LogisticRegression 0.864

RandomForestClassifier 0.872

SVC 0.888

VotingClassifier 0.896

There we go! We can see that our Voting (ensemble classifier) outperforms the individual classifiers, although by a slight margin.

Before we move onto Random Forests as our choice of classifiers, there is but a major concept that we need to understand that makes Random Forests as popular as they are, and that is Bagging and Pasting.

#### Bagging and Pasting

One way to get a diverse set of classifiers is to use various unrelated and independent ones in a voting classifier, as we have seen, the results are good, but not nearly promising. Another more common method is to use different random subsets of data fed into the same classifier.

When Sampling is performed with replacement this process is called Bagging.

When sampling is performed without replacement this process is called Pasting.

Aggregation for:

1. Classification –> Statistical Mode (Most frequent class predicted).
2. Regression –> Average of all predicted values.

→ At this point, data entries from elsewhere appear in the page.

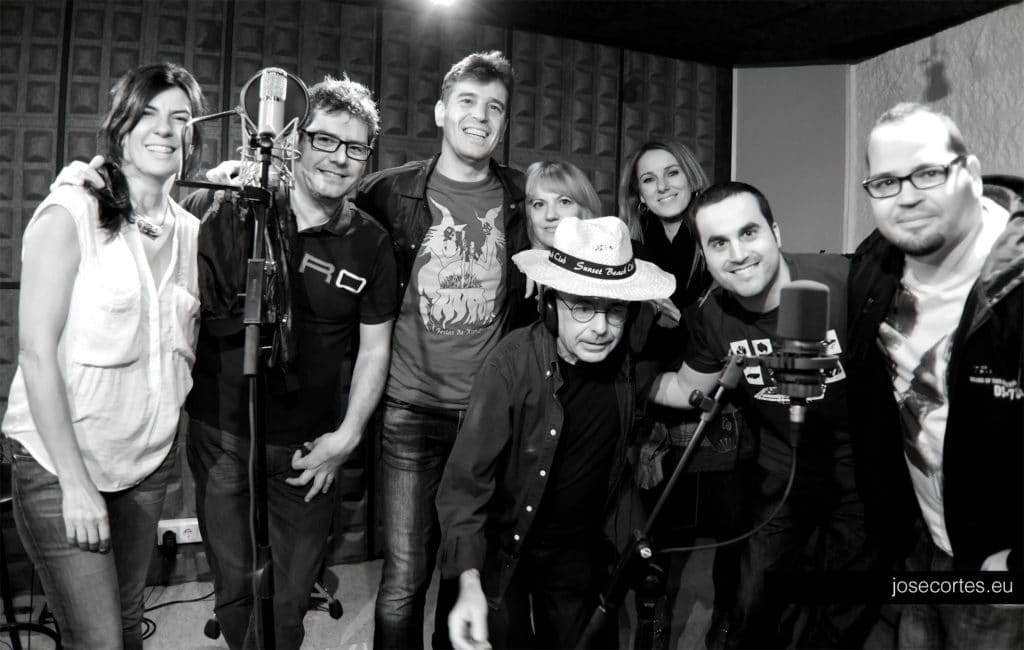 El vocalista y sus dos acompañantes a los coros, Nando Hidalgo y Yohany Suárez, se situaron en disposición triangular mientras eran rodeados en la cabina por un grupito de amigos en el que halagado pude incluirme. Mientras íbamos escuchando la música íbamos siguiendo las indicaciones de Javier acerca de cuando debíamos bajar el tono o elevarlo según los movimientos de sus manos, a modo de «director de fuerga (sic)», con el fin de proporcionar auténtico ambiente de taberna a la grabación. Por cierto, soberbia: los entrelazados de piano y tres entre Pancho Amat y su hijo Daniel son para chuparse los dedos, por no hablar del resto de instrumentos, ¡vaya cha-cha-cha!
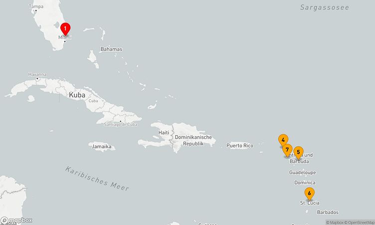 Auf dieser Tour erwarten Sie Stopps in den Häfen von Fort Lauderdale, Philipsburg und Castries, wo Sie lokale Highlights entdecken und unvergessliche Eindrücke gewinnen können.
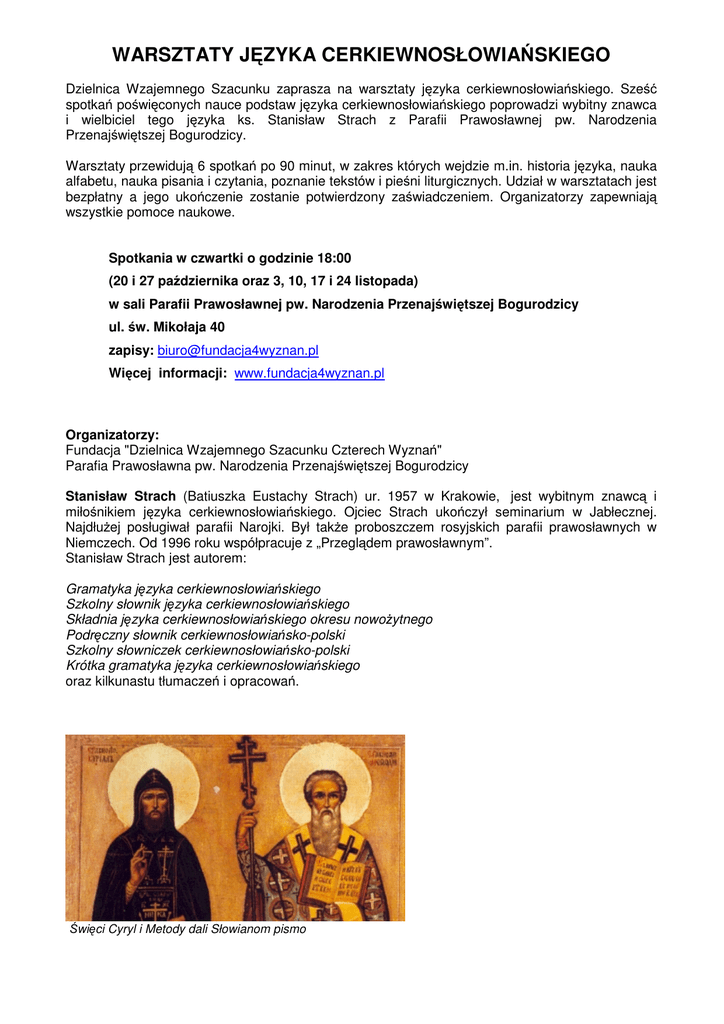 WARSZTATY JĘZYKA CERKIEWNOSŁOWIAŃSKIEGO Dzielnica Wzajemnego Szacunku zaprasza na warsztaty języka cerkiewnosłowiańskiego. Sześć spotkań poświęconych nauce podstaw języka cerkiewnosłowiańskiego poprowadzi wybitny znawca i wielbiciel tego języka ks. Stanisław Strach z Parafii Prawosławnej pw. Narodzenia Przenajświętszej Bogurodzicy. Warsztaty przewidują 6 spotkań po 90 minut, w zakres których wejdzie m.in. historia języka, nauka alfabetu, nauka pisania i czytania, poznanie tekstów i pieśni liturgicznych. Udział w warsztatach jest bezpłatny a jego ukończenie zostanie potwierdzony zaświadczeniem. Organizatorzy zapewniają wszystkie pomoce naukowe. Spotkania w czwartki o godzinie 18:00 (20 i 27 października oraz 3, 10, 17 i 24 listopada) w sali Parafii Prawosławnej pw. Narodzenia Przenajświętszej Bogurodzicy ul. św. Mikołaja 40 zapisy: [email protected] Więcej informacji: www.fundacja4wyznan.pl Organizatorzy: Fundacja "Dzielnica Wzajemnego Szacunku Czterech Wyznań" Parafia Prawosławna pw. Narodzenia Przenajświętszej Bogurodzicy Stanisław Strach (Batiuszka Eustachy Strach) ur. 1957 w Krakowie, jest wybitnym znawcą i miłośnikiem języka cerkiewnosłowiańskiego. Ojciec Strach ukończył seminarium w Jabłecznej. Najdłużej posługiwał parafii Narojki. Był także proboszczem rosyjskich parafii prawosławnych w Niemczech. Od 1996 roku współpracuje z „Przeglądem prawosławnym”. Stanisław Strach jest autorem: Gramatyka języka cerkiewnosłowiańskiego Szkolny słownik języka cerkiewnosłowiańskiego Składnia języka cerkiewnosłowiańskiego okresu nowożytnego Podręczny słownik cerkiewnosłowiańsko-polski Szkolny słowniczek cerkiewnosłowiańsko-polski Krótka gramatyka języka cerkiewnosłowiańskiego oraz kilkunastu tłumaczeń i opracowań. Święci Cyryl i Metody dali Słowianom pismo Cerkiewnosłowiański to literacki i liturgiczny język używany w cerkwi prawosławnej. Wywodzi się od języka praindoeuropejskiego, na podstawie którego tysiąc lat przed naszą erą zaczęła się formować prasłowiańska grupa etniczno-językowa. Z niej wywodzą się współczesne języki zachodnio słowiańskie (m. in. polski, czeski, słowacki), wschodniosłowiańskie (rosyjski, ukraiński, białoruski) oraz południowosłowiańskie (serbochorwacki, słoweński, bułgarski i macedoński). W IX wieku na bazie południowosłowiańskiego dialektu sołuńskiego powstał język starocerkiewnosłowiański. Ojcami jego piśmiennictwa byli święci Cyryl i Metody, duchowni bizantyńscy, którzy prowadzili misje na Morawach i terenach dzisiejszej południowo-wschodniej Polski. Misja chrystianizacyjna wymagała by do liturgii wprowadzić język nowych wyznawców, w tym przypadku język słowiański. Z upływem czasu w wyniku podziału terenów na oddzielne prowincje zaczęły wyodrębniać się pojedyncze odmiany języka cerkiewnosłowiańskiego. Język ten ograniczał się do roli sakralnej. Do czasu siedemnastowiecznej reformy kościelnej patriarchy Nikona opracowano reguły pisowni oraz zasady gramatyczne, normalizując słowotwórstwo i ujednolicając teksty. Na tej podstawie narodził się nowo-cerkiewnosłowiański, który dziś jest prawosławnym językiem liturgicznym słowiańskich Cerkwi. Język cerkiewnosłowiański ma wyjątkowe znaczenie dla studiów slawistycznych oraz badań nad językami słowiańskimi. Jest on najstarszą utrwaloną fazą w rozwoju języków słowiańskich. Dla słowiańskich Cerkwi język cerkiewnosłowiański ma wyjątkowe znaczenie. W sposób nieskażony oddaje treść greckiego oryginału Nowego Testamentu oraz teologiczną myśl Ojców Kościoła. Język ten integruje narody słowiańskie oraz charakteryzuje się głębią duchowości, a swoją estetyką współgra z oprawą prawosławnych nabożeństw. Modlitwa Ojcze Nasz w języku cerkiewnosłowiańskim Fundacja "Dzielnica Wzajemnego Szacunku Czterech Wyznań" www.fundacja4wyznan.pl Organizacja Pożytku Publicznego Kazimierza Wielkiego 29 50-077 Wrocław +48 509 27 95 97 [email protected]

In general, data scientists prefer bagging as the method of data resampling in Random Forets, because of the lack of diverse uniquely reusable data available at their disposal. If the data available is large that holistically represents the distribution of classes then pasting will be preferred.

Now, let us move on to the main entree, Random Forests:

#### Random Forests

By now we already know that Random Forests are a collection / ensemble of decision trees, generally trained via the bagging method (sometimes pasting is also used). The max_samples hyperparameter is set to the size of the training data.

Let us build a basic Random Forest Classifier to get a feel for the easy syntax and basic parameters that need to be passed.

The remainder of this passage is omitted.